"""
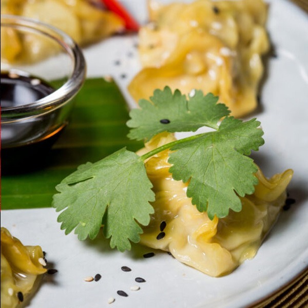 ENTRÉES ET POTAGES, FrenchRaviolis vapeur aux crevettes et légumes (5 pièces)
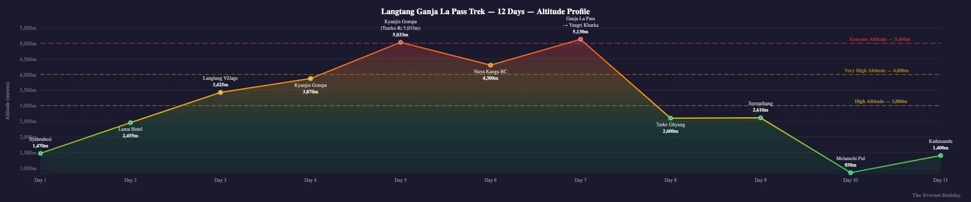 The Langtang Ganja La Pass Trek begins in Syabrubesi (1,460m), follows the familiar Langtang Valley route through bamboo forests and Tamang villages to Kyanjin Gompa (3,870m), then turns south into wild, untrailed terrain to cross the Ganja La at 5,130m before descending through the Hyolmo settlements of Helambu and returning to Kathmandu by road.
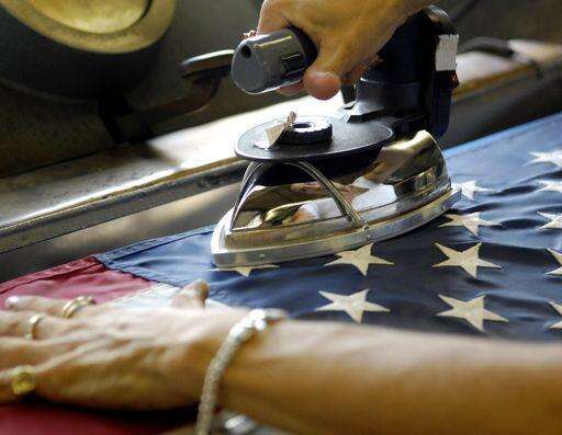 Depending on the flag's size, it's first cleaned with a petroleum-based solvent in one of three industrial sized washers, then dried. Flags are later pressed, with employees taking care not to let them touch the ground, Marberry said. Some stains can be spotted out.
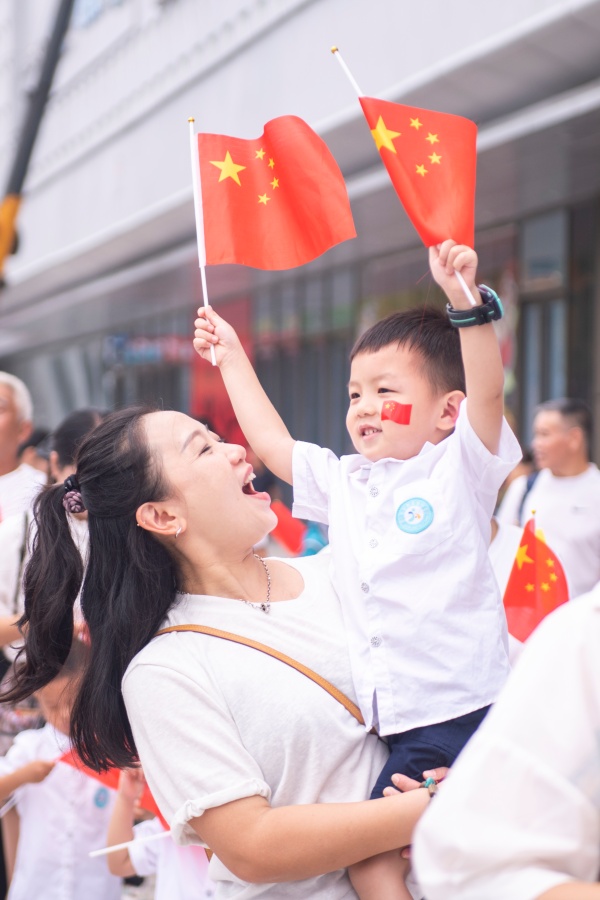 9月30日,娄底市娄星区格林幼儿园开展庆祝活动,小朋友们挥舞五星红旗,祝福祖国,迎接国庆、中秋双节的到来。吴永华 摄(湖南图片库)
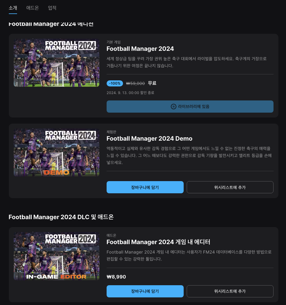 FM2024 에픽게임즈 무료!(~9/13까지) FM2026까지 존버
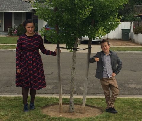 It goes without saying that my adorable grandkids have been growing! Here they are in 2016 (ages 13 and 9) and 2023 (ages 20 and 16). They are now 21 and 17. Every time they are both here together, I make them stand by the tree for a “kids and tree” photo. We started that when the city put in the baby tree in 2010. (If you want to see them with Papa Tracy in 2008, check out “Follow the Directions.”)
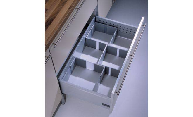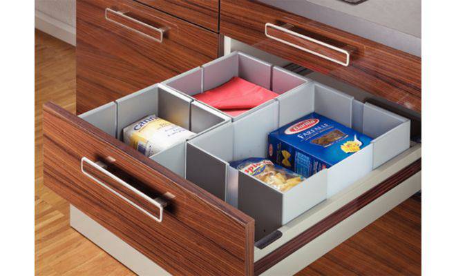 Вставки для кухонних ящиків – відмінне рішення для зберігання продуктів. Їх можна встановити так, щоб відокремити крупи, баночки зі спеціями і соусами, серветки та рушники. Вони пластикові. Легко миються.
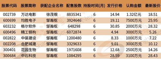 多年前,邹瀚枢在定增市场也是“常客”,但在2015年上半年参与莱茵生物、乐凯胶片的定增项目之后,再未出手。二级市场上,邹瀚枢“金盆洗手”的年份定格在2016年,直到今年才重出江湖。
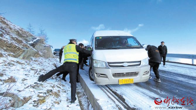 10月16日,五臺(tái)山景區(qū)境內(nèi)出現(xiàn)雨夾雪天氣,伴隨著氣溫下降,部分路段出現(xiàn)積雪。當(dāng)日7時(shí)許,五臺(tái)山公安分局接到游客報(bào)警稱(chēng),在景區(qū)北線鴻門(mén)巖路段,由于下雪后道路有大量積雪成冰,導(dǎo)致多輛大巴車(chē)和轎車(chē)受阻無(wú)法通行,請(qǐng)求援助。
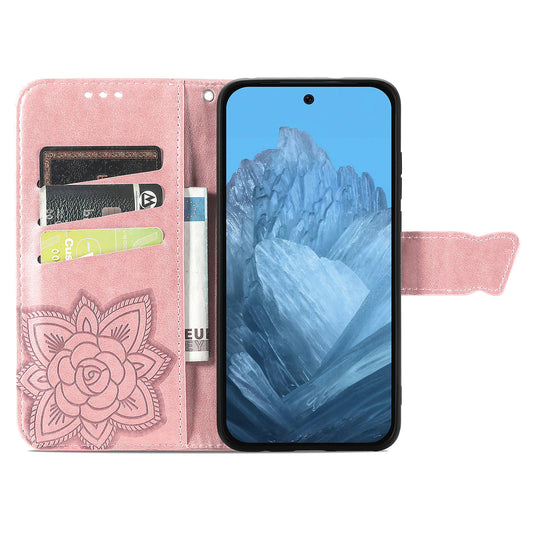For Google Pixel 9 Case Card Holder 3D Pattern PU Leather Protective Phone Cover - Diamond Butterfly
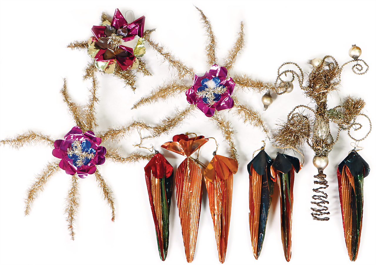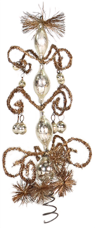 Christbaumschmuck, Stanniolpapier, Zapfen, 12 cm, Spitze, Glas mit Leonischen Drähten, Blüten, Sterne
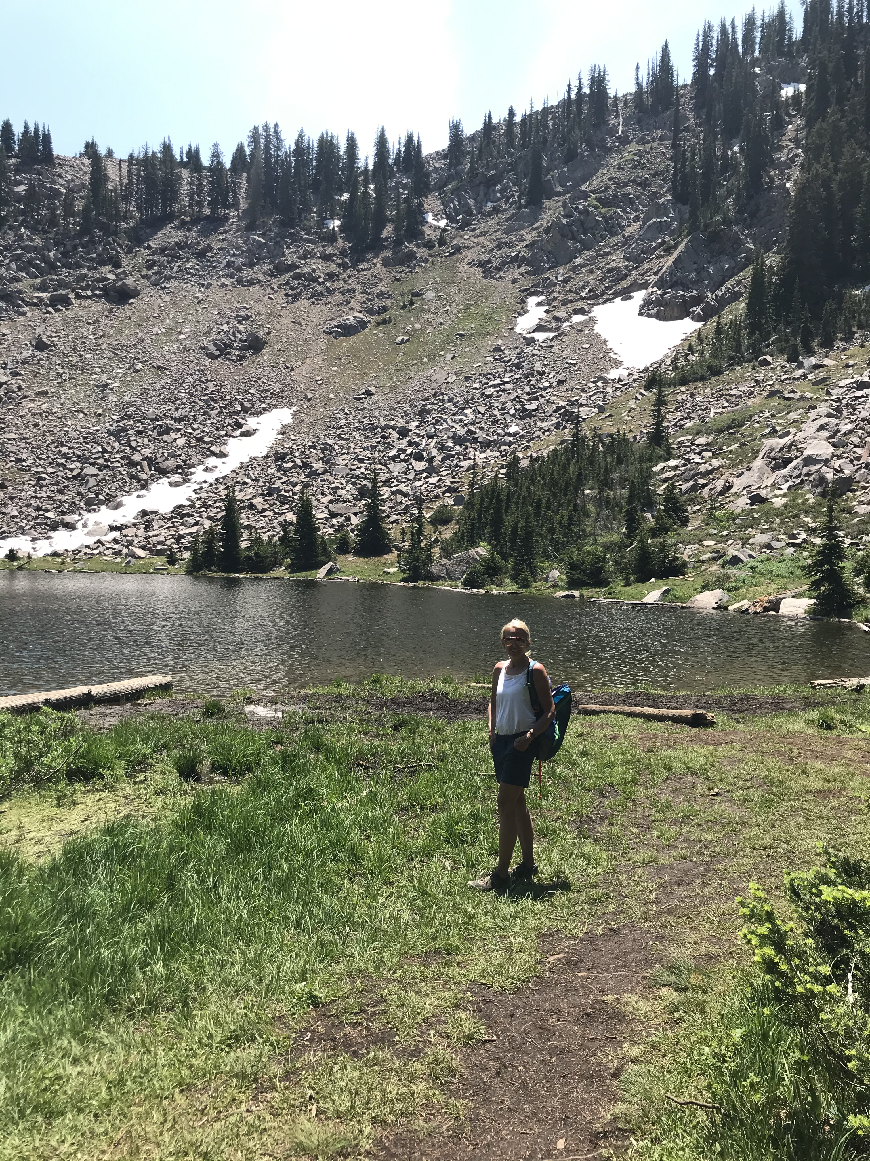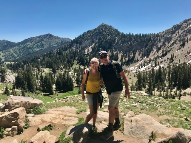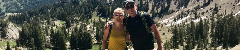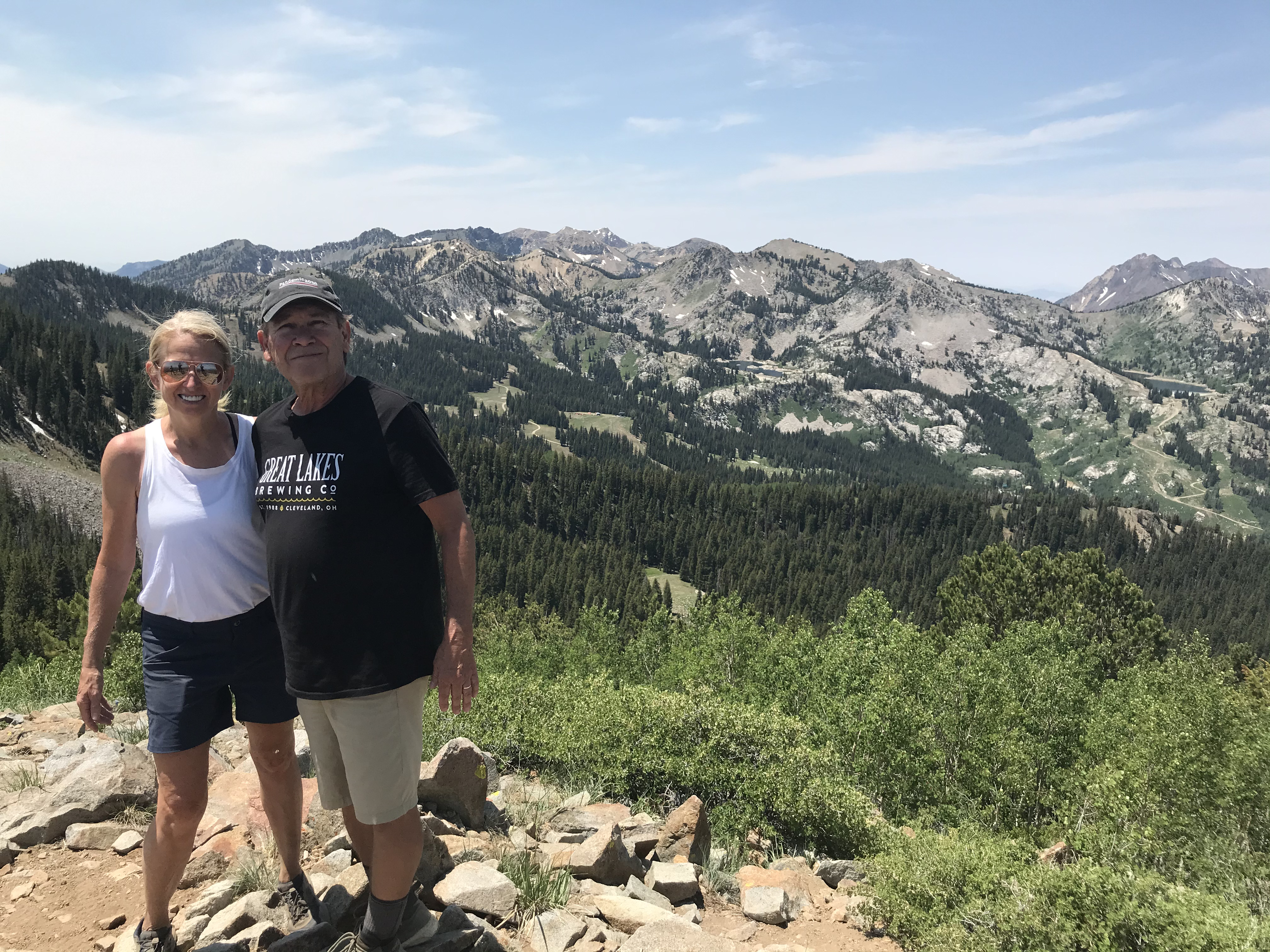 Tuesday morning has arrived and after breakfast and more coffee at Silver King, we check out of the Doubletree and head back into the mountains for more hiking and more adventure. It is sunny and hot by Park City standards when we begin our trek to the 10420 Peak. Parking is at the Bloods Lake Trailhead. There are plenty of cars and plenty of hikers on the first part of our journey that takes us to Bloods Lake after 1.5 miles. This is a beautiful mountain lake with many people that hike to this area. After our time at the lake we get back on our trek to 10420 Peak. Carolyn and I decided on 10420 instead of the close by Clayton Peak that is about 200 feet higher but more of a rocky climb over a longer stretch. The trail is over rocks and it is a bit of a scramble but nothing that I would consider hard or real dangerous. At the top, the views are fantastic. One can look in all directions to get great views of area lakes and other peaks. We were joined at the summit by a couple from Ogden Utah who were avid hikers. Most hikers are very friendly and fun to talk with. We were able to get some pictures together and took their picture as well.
"""
"""
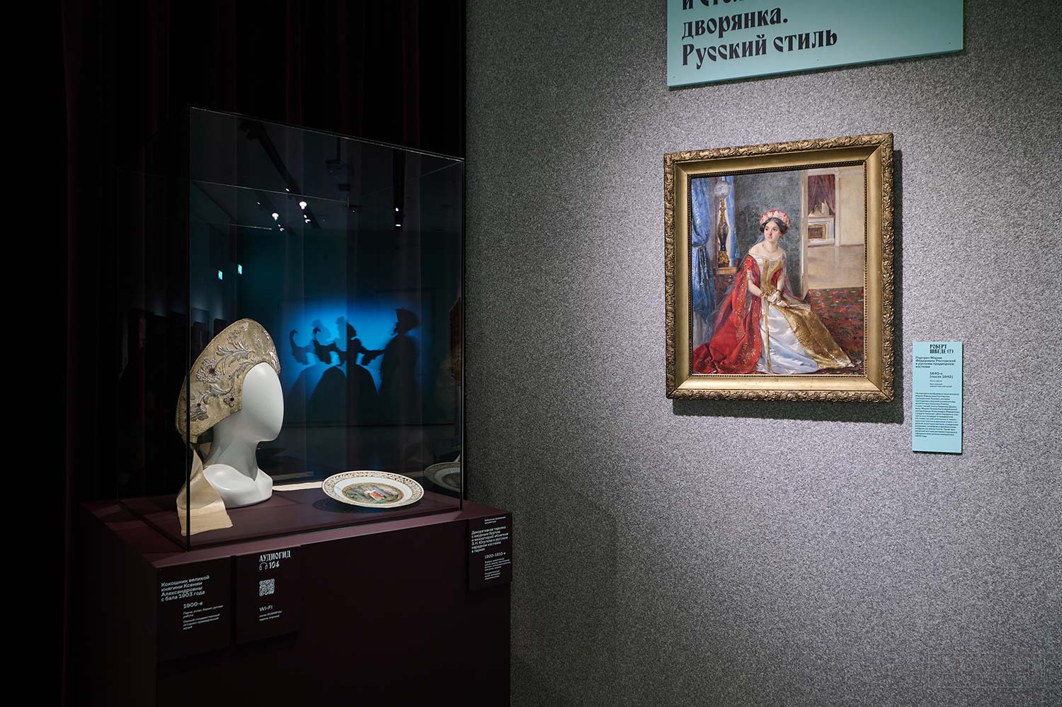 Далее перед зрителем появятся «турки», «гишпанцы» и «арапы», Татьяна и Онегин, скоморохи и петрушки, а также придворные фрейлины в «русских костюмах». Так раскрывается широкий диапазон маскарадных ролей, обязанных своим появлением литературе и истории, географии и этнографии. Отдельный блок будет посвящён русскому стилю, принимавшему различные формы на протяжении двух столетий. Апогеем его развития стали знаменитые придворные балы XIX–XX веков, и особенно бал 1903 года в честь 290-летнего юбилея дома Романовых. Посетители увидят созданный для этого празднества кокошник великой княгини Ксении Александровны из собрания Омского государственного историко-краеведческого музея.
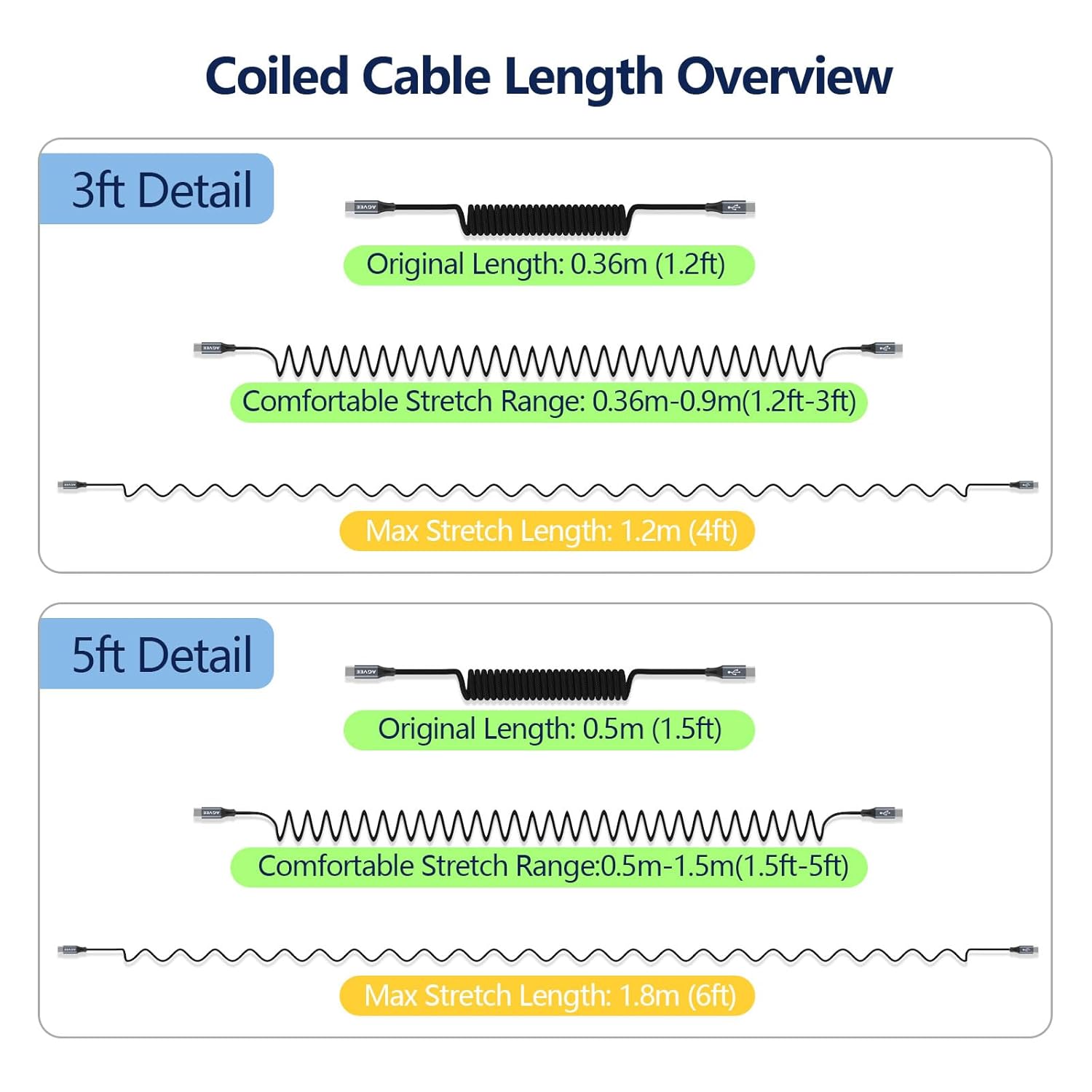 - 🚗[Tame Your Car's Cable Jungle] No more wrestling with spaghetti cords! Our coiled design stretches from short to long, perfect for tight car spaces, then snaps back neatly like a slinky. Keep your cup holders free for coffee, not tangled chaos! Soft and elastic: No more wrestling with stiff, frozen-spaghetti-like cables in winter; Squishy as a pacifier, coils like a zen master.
"""
"""
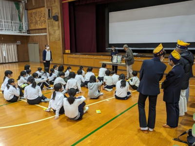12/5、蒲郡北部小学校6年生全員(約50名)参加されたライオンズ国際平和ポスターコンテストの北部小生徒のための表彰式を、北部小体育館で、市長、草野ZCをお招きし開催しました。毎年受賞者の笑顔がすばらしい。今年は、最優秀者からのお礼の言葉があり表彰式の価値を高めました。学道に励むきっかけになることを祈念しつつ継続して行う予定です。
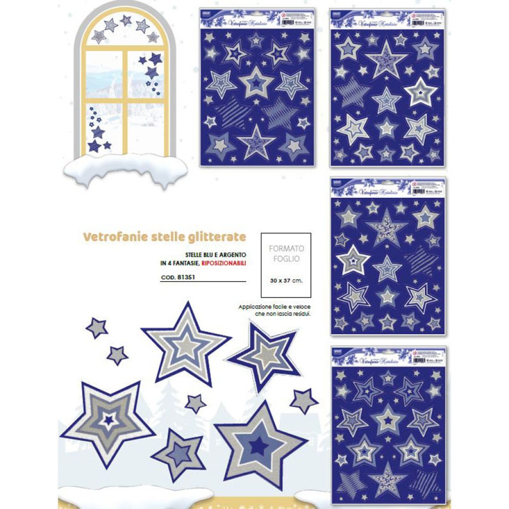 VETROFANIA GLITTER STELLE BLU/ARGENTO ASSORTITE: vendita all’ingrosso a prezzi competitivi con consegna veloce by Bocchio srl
"""
- [Exercise requirements]
Copy exactly the material above from the line with "Depending on the" to the line with "It goes without", ends included, and nothing else. Leave out any picture.

- [Exercise output]
 Depending on the flag's size, it's first cleaned with a petroleum-based solvent in one of three industrial sized washers, then dried. Flags are later pressed, with employees taking care not to let them touch the ground, Marberry said. Some stains can be spotted out.
 9月30日,娄底市娄星区格林幼儿园开展庆祝活动,小朋友们挥舞五星红旗,祝福祖国,迎接国庆、中秋双节的到来。吴永华 摄(湖南图片库)
 FM2024 에픽게임즈 무료!(~9/13까지) FM2026까지 존버
 It goes without saying that my adorable grandkids have been growing! Here they are in 2016 (ages 13 and 9) and 2023 (ages 20 and 16). They are now 21 and 17. Every time they are both here together, I make them stand by the tree for a “kids and tree” photo. We started that when the city put in the baby tree in 2010. (If you want to see them with Papa Tracy in 2008, check out “Follow the Directions.”)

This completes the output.